2 colur so what ?? i feel those pic messages are cool
my small contribution to this great forum

EDIT:
 By the way guys i know frm experience that girls like such pic messages a lot !!!
fine u can send colorful MMS...but still this works miracles believe me


----------



## enticer86 (Jun 25, 2007)

.....so its free if u hv 100 SMS free everyday



HOW ?? m more interested in the 100free sms everyday


----------



## a_k_s_h_a_y (Jun 25, 2007)

yes sending those pic messages as SMS is free as SMS is free
dont send them as pic messages as MMS which is 5 RS !!

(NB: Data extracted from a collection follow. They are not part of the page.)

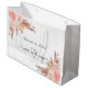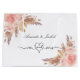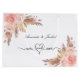 För en boho, bohemisk stil bröllop. En chic vit bakgrund. Dekorerad med roséguld, rosablommor, pampas gräs. Personlig och lägg till namn. Med texten: Herr och fru, med ett hjärta. Namnen skrivs med en modern handskriven stilsnurr.
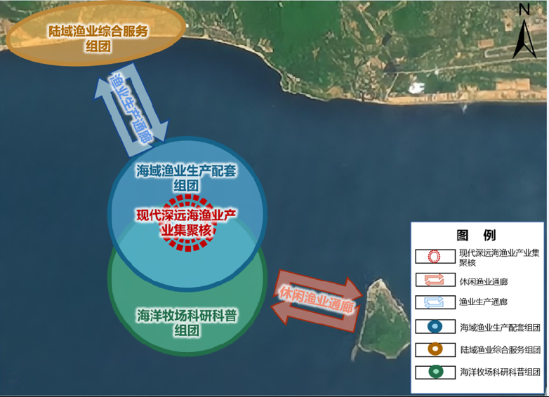 △ 三亞海上現代漁業(yè)產(chǎn)業(yè)園“一核心-兩通廊-三組團”規劃布局
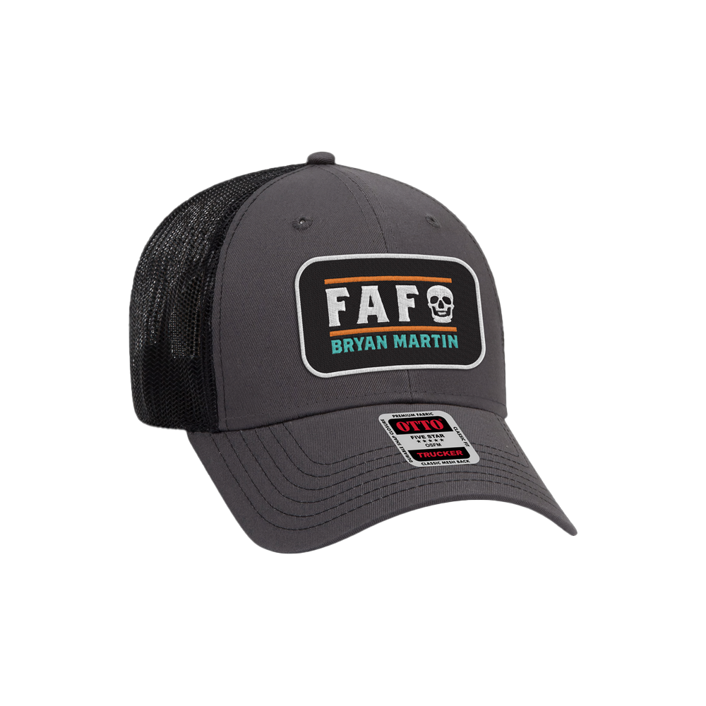 Gray trucker hat with the F.A.F.O. x Bryan Martin patch on the front
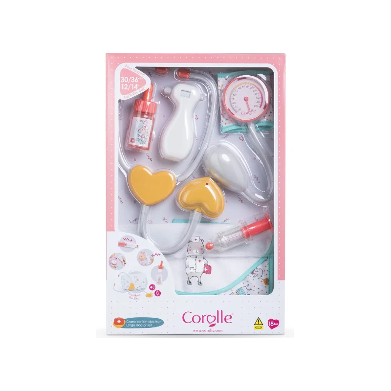 Idéal pour dédramatiser les visites chez le pédiatre ! Le Grand Coffret Docteur est fait pour ausculter et soigner son petit poupon de 30 cm. Il comprend un stéthoscope qui simule les battements du c?ur une seringue rétractable un flacon de vitamines un tensiomètre un thermomètre et une mallette pour tout ranger. Fonctionne avec 3 piles AG13 (LR44) incluses. Les petits poupons de 30 cm disposent d’une collection variée de vêtements et d’accessoires dans la gamme mon premier poupon Corolle pour pouponner pour la première fois. Dès 18 mois. Avertissement De Sûreté A utiliser sous la surveillance d’un adulte.
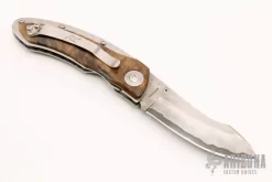 This Survival Knife by Ricardo Perpina features a blued blade with a false top edge, .196″ blade stock and 1.303″ blade depth, hidden tang construction. The handle has a blued steel guard and knurled hollow handle, matching blued steel butt cap. Comes with a black leather sheath with sharpening stone. New from maker.

well get airtel college plan.......dialy 100 SMS free within ur STATE example Within Karnataka

else get Hutch Student Plan !! 

or i think u can subscribe to SMS pack even if u hv Hutch general plan
for which u need to pay 49 RS pm and then SEND SMS for 1p each which means seding one such pic message is 3 paise !! 

for my BSNL 1 SMS is 0.60 rs so each SUCH pic message sent is 1.80 RS


----------



## enticer86 (Jun 25, 2007)

na yaar.. not here in del


----------